> Thought experiment: you use nice pretty reflectors to smelt aluminium. You now have a ball (or, more likely, an expanding cloud) of +/- 700C molten metal.
Actually, extracting Aluminum is more complicated than just heating, since most of that metal everywhere (Earth and space) is in the form of oxide minerals. However Iron in the form of metallic asteroids *is* available already reduced to metal, so I will substitute that in my discussion. You build a rotating circular crucible and throw chunks of metallic asteroid into it. Focus enough sunlight on it to melt the batch. Bits of rocky inclusions will float to the "top" (center) because they are less dense, and the molten iron will sink to the "bottom" (rim). Throw in a bit of carbon from the C-type asteroids, since Iron + Carbon = steel. The bottom of your crucible has a hole that you tap to extrude the molten metal, which then passes through cooled rollers to provide a final shape. On Earth this is called "continuous casting". The rollers can form an "H" shape for structural beams, flat sheet, or whatever else you need, by just choosing roller positions. Cooling water goes through the rollers, and out to radiator pipes. They don't have to cool to room temperature, just enough to keep the rollers from deforming. Since the radiators will be rejecting heat at a pretty high temperature, they don't have to be very large.

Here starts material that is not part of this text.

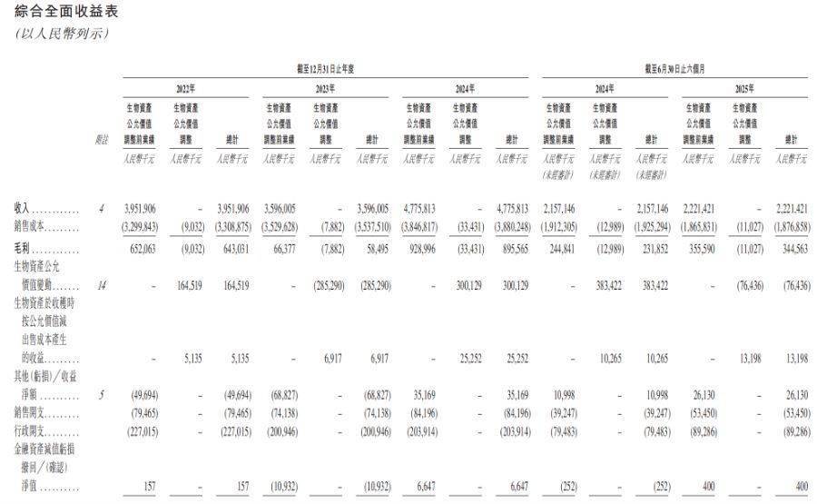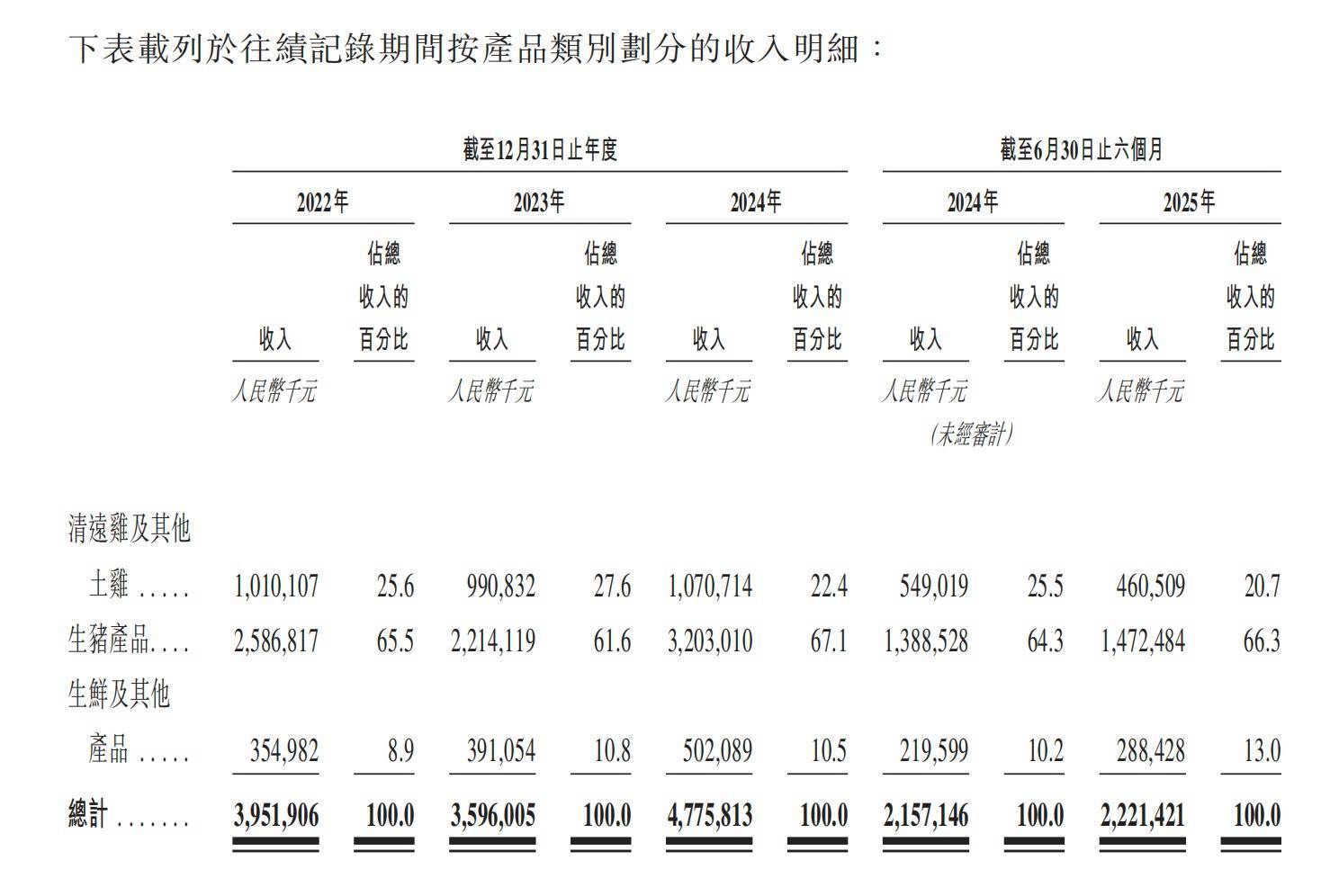 首先是调大了生鲜占比,向产业链下游高附加值环节延伸。数据显示,生鲜及其他产品收入占比从2022年的8.9%提升至2025年上半年的13.0%,有效对冲了市场价格周期性波动。

> I'm not saying we should shitcan the whole idea, but the "Futurist" camp really has to stop talking about how trivial things are once we get most of the way out of the gravity well,
Actual space systems engineers like myself don't trivialize the tasks. Most space enthusiasts don't even know what materials are available to work with, or what the solar flux is, or the realities of working in the space environment. But some of us do know all that stuff, collectively. I don't know everything, either, and I work in the field. Generally you need teams of specialists in different subjects to complete a project. So you won't get a complete answer in a forum comment. You get it in a study report that lots of people contributed to.